Go to file
Ryan Roberts 6e8f588708 arm64/mm: make set_ptes() robust when OAs cross 48-bit boundary
Patch series "mm/memory: optimize fork() with PTE-mapped THP", v3.

Now that the rmap overhaul[1] is upstream that provides a clean interface
for rmap batching, let's implement PTE batching during fork when
processing PTE-mapped THPs.

This series is partially based on Ryan's previous work[2] to implement
cont-pte support on arm64, but its a complete rewrite based on [1] to
optimize all architectures independent of any such PTE bits, and to use
the new rmap batching functions that simplify the code and prepare for
further rmap accounting changes.

We collect consecutive PTEs that map consecutive pages of the same large
folio, making sure that the other PTE bits are compatible, and (a) adjust
the refcount only once per batch, (b) call rmap handling functions only
once per batch and (c) perform batch PTE setting/updates.

While this series should be beneficial for adding cont-pte support on
ARM64[2], it's one of the requirements for maintaining a total mapcount[3]
for large folios with minimal added overhead and further changes[4] that
build up on top of the total mapcount.

Independent of all that, this series results in a speedup during fork with
PTE-mapped THP, which is the default with THPs that are smaller than a PMD
(for example, 16KiB to 1024KiB mTHPs for anonymous memory[5]).

On an Intel Xeon Silver 4210R CPU, fork'ing with 1GiB of PTE-mapped folios
of the same size (stddev < 1%) results in the following runtimes for
fork() (shorter is better):

Folio Size | v6.8-rc1 |      New | Change
------------------------------------------
      4KiB | 0.014328 | 0.014035 |   - 2%
     16KiB | 0.014263 | 0.01196  |   -16%
     32KiB | 0.014334 | 0.01094  |   -24%
     64KiB | 0.014046 | 0.010444 |   -26%
    128KiB | 0.014011 | 0.010063 |   -28%
    256KiB | 0.013993 | 0.009938 |   -29%
    512KiB | 0.013983 | 0.00985  |   -30%
   1024KiB | 0.013986 | 0.00982  |   -30%
   2048KiB | 0.014305 | 0.010076 |   -30%

Note that these numbers are even better than the ones from v1 (verified
over multiple reboots), even though there were only minimal code changes. 
Well, I removed a pte_mkclean() call for anon folios, maybe that also
plays a role.

But my experience is that fork() is extremely sensitive to code size,
inlining, ...  so I suspect we'll see on other architectures rather a
change of -20% instead of -30%, and it will be easy to "lose" some of that
speedup in the future by subtle code changes.

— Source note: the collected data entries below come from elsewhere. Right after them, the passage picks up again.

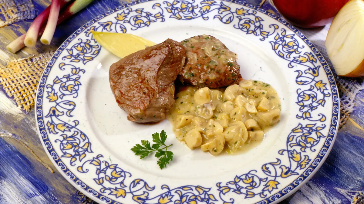 Receta de medallones de lomo de cerdo guisados a la normanda con una salsa de champiñones y vino blanco Receta de Karlos Arguiñano en Argentina.
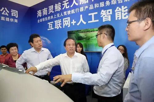 ▲省长刘赐贵,市委书记孙新阳、副省长何西庆等领导听取灵鲸无人船科技公司任佳博士关于无人船项目的介绍
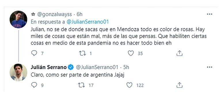 Entre las críticas recibidas por sus comentarios en esta red social, un usuario le dijo: “Julián, no sé de donde sacas que en Mendoza todo es color de rosas. Hay miles de cosas que están mal, más de las que pensas. Que habiliten ciertas cosas en medio de esta pandemia no es hacer todo bien, eh”. “Claro, como ser parte de Argentina, jajaj”, se burló el influencer.
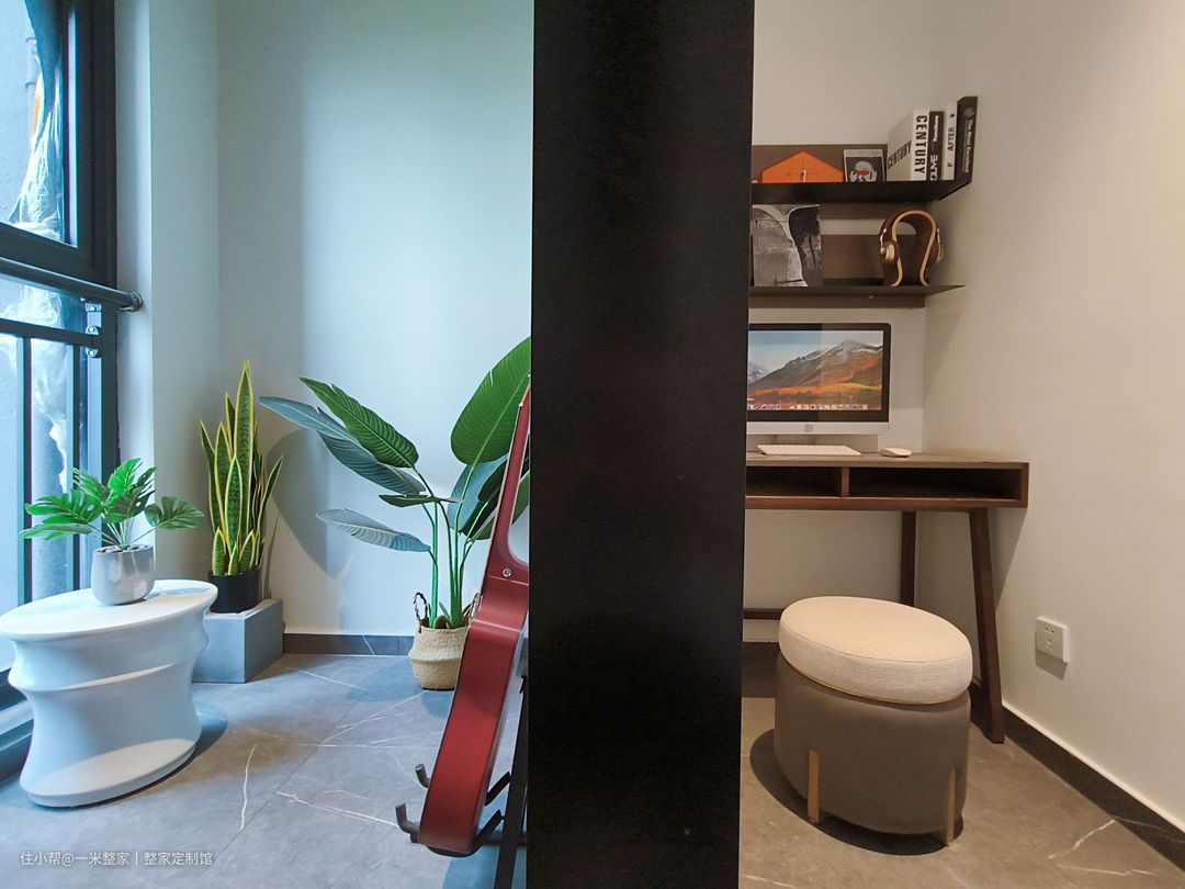 次卧是为主人的孩子设计的,所以选用了许多童真童趣的元素。大海的蓝色的选择,让整体氛围更加静谧和谐,动物挂件可爱的同时也告诉小朋友要热爱大自然热爱小动物~。床边设计悬空学习桌,孩子想要学习也十分方便,同时悬挂的设计也方便清洁和打理~在衣柜摆放绿植,既在视觉上起到了舒适的效果,也让室内空气更加清新
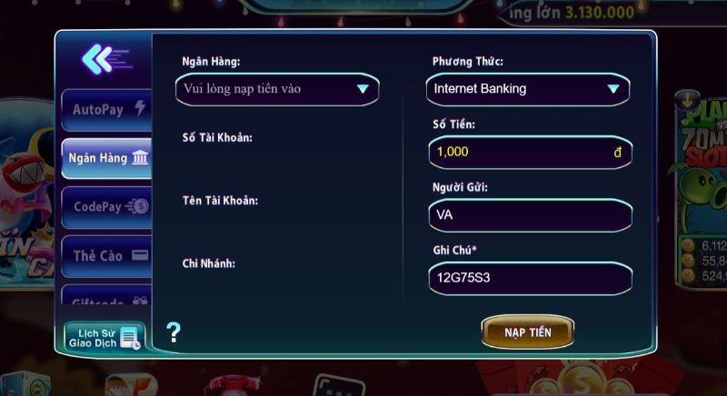 Hướng dẫn nạp tiền qua tài khoản ngân hàng
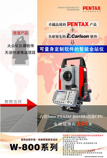 賓得W-800系列全站儀基于Win CE 平臺,采用的是測繪軟件公司美國Carslon公司推出的SurvCE2.0。無論對于龐大的項(xiàng)目還是小項(xiàng)目,SurvCE2.0以強(qiáng)悍、直觀的數(shù)據(jù)采集、管理、編輯及圖形顯示功能另眾多測量軟件暗淡無光;
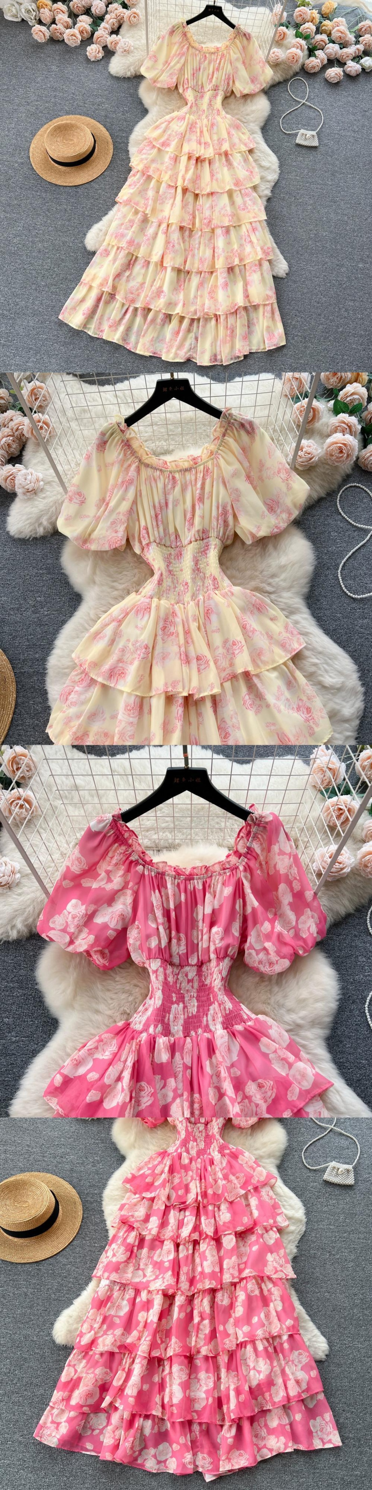 レトロロマンチックな花柄ドレス女性の夏のパフスリーブウエストニッチシックエンドケーキドレス サマー 夏物 lyxaj80808569715
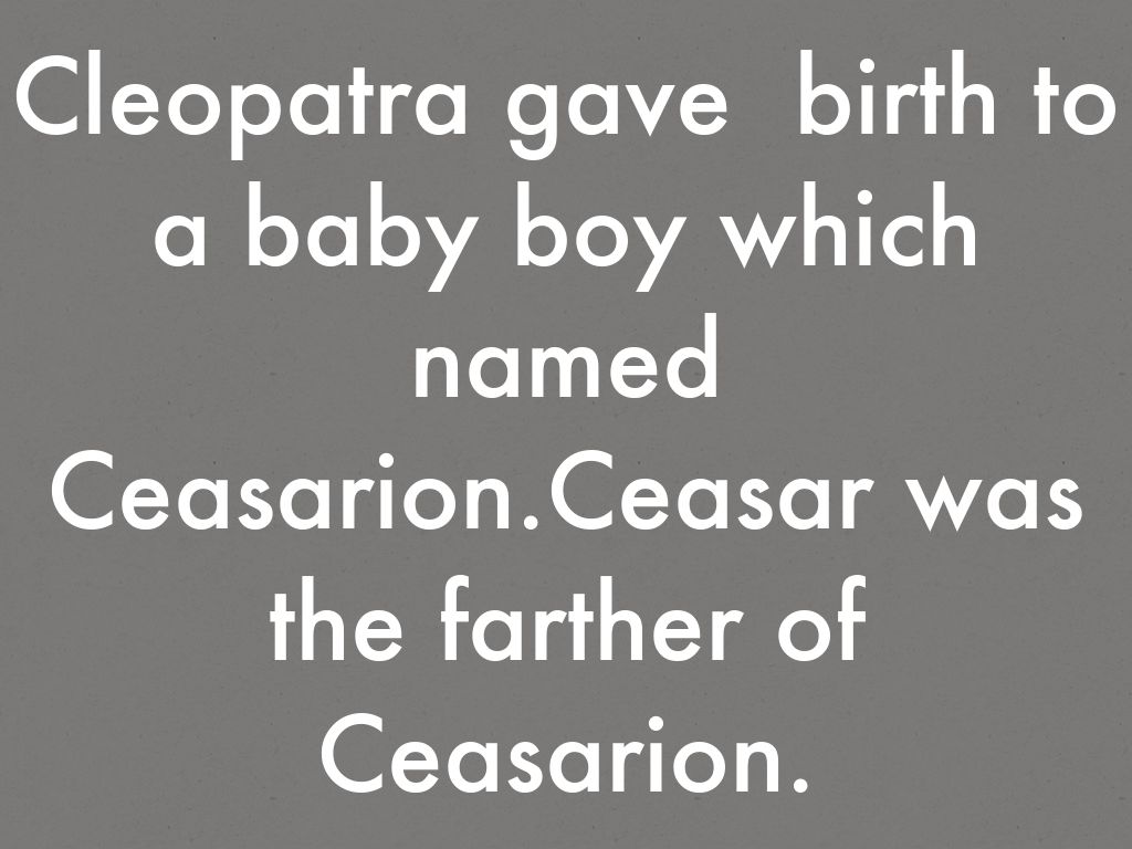 Cleopatra gave birth to a baby boy which named Ceasarion.Ceasar was the farther of Ceasarion.

Next up is PTE batching when unmapping.  Only tested on x86-64. 
Compile-tested on most other architectures.

[1] https://lkml.kernel.org/r/20231220224504.646757-1-david@redhat.com
[2] https://lkml.kernel.org/r/20231218105100.172635-1-ryan.roberts@arm.com
[3] https://lkml.kernel.org/r/20230809083256.699513-1-david@redhat.com
[4] https://lkml.kernel.org/r/20231124132626.235350-1-david@redhat.com
[5] https://lkml.kernel.org/r/20231207161211.2374093-1-ryan.roberts@arm.com


This patch (of 15):

Since the high bits [51:48] of an OA are not stored contiguously in the
PTE, there is a theoretical bug in set_ptes(), which just adds PAGE_SIZE
to the pte to get the pte with the next pfn.  This works until the pfn
crosses the 48-bit boundary, at which point we overflow into the upper
attributes.

Of course one could argue (and Matthew Wilcox has :) that we will never
see a folio cross this boundary because we only allow naturally aligned
power-of-2 allocation, so this would require a half-petabyte folio.  So
its only a theoretical bug.  But its better that the code is robust
regardless.

I've implemented pte_next_pfn() as part of the fix, which is an opt-in
core-mm interface.  So that is now available to the core-mm, which will be
needed shortly to support forthcoming fork()-batching optimizations.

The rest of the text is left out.